▶ **WORK TO COMPLETE**: From the line containing "Kata Pengantar Laporan" down to the line containing "such an error.", copy out the entries below exactly, both lines included, and nothing else; pictures do not belong in the copy.

▶ **RECORDS PROVIDED**:

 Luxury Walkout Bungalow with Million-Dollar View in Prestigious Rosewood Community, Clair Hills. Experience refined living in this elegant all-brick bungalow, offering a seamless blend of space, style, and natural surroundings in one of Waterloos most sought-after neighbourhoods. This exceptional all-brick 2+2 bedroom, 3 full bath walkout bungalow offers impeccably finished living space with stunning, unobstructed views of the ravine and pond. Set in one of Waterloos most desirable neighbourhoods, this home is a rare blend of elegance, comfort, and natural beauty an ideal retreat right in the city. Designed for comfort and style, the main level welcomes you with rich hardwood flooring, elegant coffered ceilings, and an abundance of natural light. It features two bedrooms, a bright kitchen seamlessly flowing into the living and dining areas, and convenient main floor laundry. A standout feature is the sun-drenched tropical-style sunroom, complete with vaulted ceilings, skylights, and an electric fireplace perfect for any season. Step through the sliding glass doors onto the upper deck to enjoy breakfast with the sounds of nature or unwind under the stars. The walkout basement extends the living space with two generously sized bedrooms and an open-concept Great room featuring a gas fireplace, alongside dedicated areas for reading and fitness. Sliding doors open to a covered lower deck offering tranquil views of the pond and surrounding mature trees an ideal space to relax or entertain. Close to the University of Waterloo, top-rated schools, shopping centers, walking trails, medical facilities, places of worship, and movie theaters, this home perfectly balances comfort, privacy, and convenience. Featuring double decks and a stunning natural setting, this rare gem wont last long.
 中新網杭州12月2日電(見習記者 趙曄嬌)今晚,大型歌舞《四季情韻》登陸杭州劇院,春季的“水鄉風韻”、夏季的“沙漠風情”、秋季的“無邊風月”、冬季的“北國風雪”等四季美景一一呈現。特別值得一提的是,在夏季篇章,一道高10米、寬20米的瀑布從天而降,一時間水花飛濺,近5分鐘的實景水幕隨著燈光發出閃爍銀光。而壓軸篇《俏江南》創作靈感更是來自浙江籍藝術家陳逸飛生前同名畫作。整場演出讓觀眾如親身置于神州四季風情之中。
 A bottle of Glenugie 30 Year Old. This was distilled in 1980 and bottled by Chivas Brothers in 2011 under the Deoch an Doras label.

...

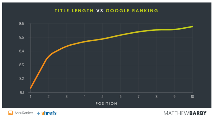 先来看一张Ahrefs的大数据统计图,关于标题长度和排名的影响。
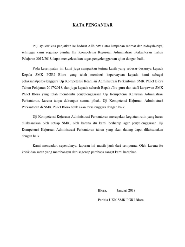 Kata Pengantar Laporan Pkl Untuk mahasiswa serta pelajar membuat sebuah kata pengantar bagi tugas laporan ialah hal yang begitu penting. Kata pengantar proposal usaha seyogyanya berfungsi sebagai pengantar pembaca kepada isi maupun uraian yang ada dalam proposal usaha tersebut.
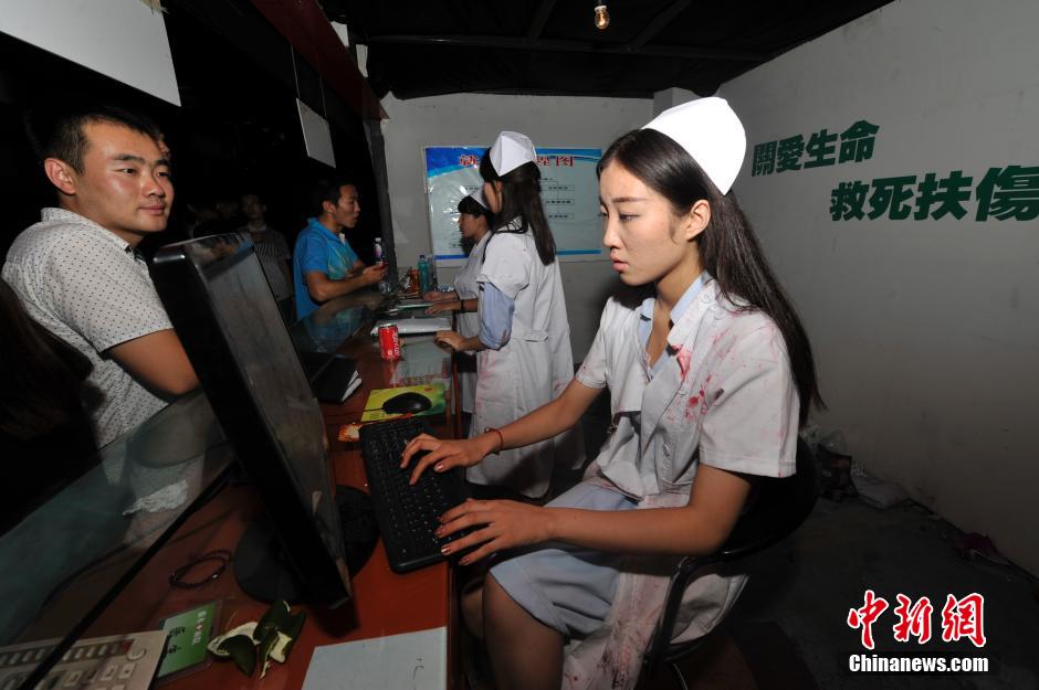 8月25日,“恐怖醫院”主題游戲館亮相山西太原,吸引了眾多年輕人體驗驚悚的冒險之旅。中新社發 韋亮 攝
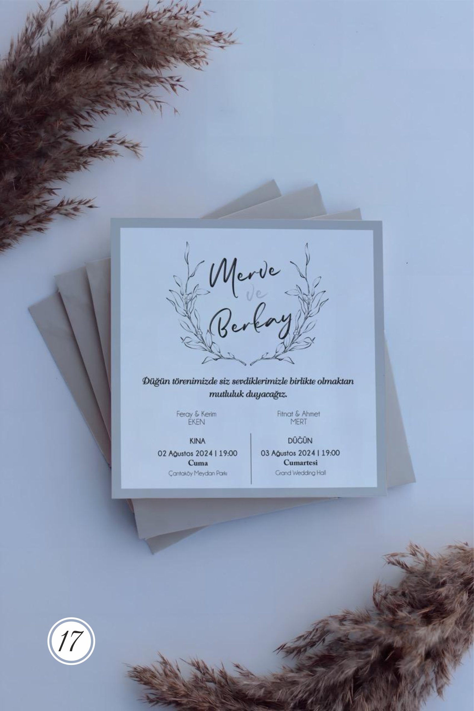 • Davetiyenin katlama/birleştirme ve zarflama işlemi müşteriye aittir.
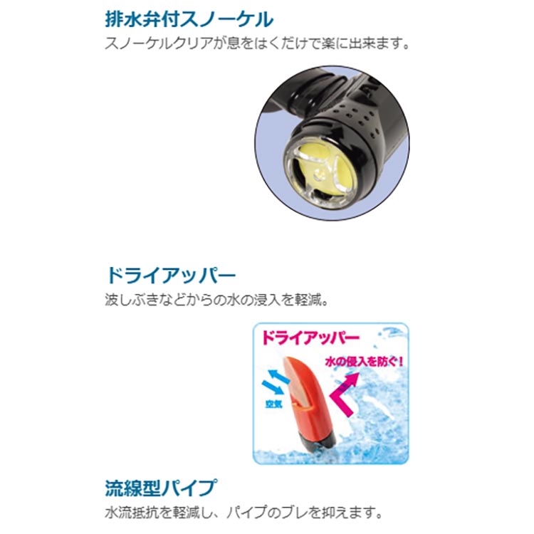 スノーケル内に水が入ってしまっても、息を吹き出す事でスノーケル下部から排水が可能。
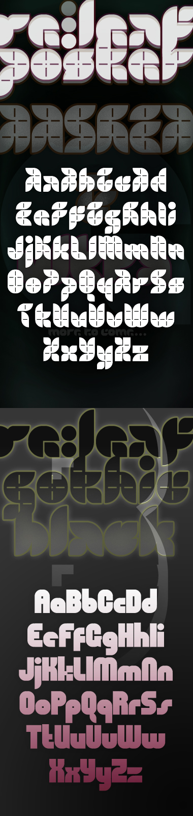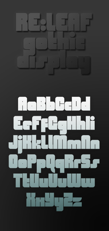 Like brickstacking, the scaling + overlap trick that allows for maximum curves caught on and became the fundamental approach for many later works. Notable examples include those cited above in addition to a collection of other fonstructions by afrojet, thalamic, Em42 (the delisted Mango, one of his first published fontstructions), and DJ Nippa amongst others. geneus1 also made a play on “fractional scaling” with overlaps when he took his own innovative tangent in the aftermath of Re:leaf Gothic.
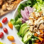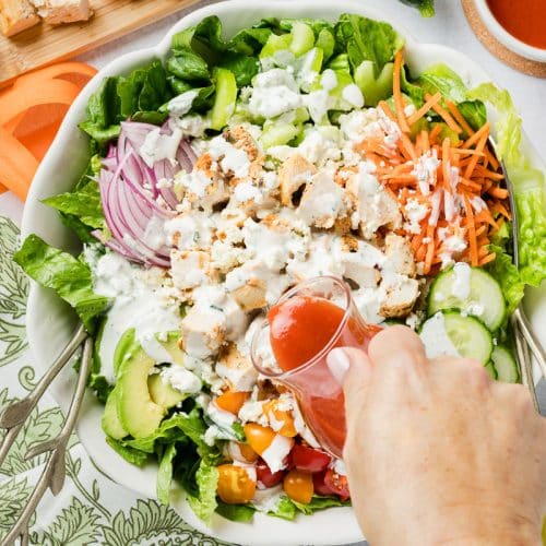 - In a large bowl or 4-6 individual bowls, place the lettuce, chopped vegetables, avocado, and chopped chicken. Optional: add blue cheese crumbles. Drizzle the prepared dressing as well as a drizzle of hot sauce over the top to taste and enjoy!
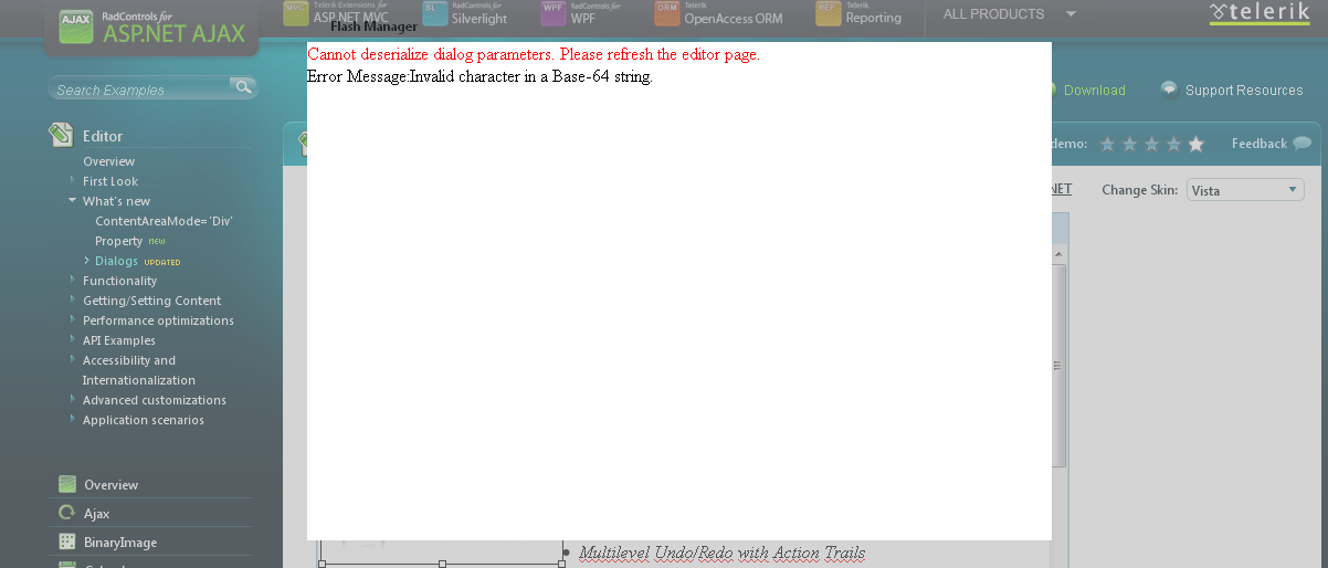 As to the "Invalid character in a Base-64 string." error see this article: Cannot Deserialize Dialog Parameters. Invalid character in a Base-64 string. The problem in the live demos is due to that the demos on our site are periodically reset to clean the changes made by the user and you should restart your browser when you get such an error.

▶ **EXERCISE RESPONSE**:
 Kata Pengantar Laporan Pkl Untuk mahasiswa serta pelajar membuat sebuah kata pengantar bagi tugas laporan ialah hal yang begitu penting. Kata pengantar proposal usaha seyogyanya berfungsi sebagai pengantar pembaca kepada isi maupun uraian yang ada dalam proposal usaha tersebut.
 8月25日,“恐怖醫院”主題游戲館亮相山西太原,吸引了眾多年輕人體驗驚悚的冒險之旅。中新社發 韋亮 攝
 • Davetiyenin katlama/birleştirme ve zarflama işlemi müşteriye aittir.
 スノーケル内に水が入ってしまっても、息を吹き出す事でスノーケル下部から排水が可能。
 Like brickstacking, the scaling + overlap trick that allows for maximum curves caught on and became the fundamental approach for many later works. Notable examples include those cited above in addition to a collection of other fonstructions by afrojet, thalamic, Em42 (the delisted Mango, one of his first published fontstructions), and DJ Nippa amongst others. geneus1 also made a play on “fractional scaling” with overlaps when he took his own innovative tangent in the aftermath of Re:leaf Gothic.
 - In a large bowl or 4-6 individual bowls, place the lettuce, chopped vegetables, avocado, and chopped chicken. Optional: add blue cheese crumbles. Drizzle the prepared dressing as well as a drizzle of hot sauce over the top to taste and enjoy!
 As to the "Invalid character in a Base-64 string." error see this article: Cannot Deserialize Dialog Parameters. Invalid character in a Base-64 string. The problem in the live demos is due to that the demos on our site are periodically reset to clean the changes made by the user and you should restart your browser when you get such an error.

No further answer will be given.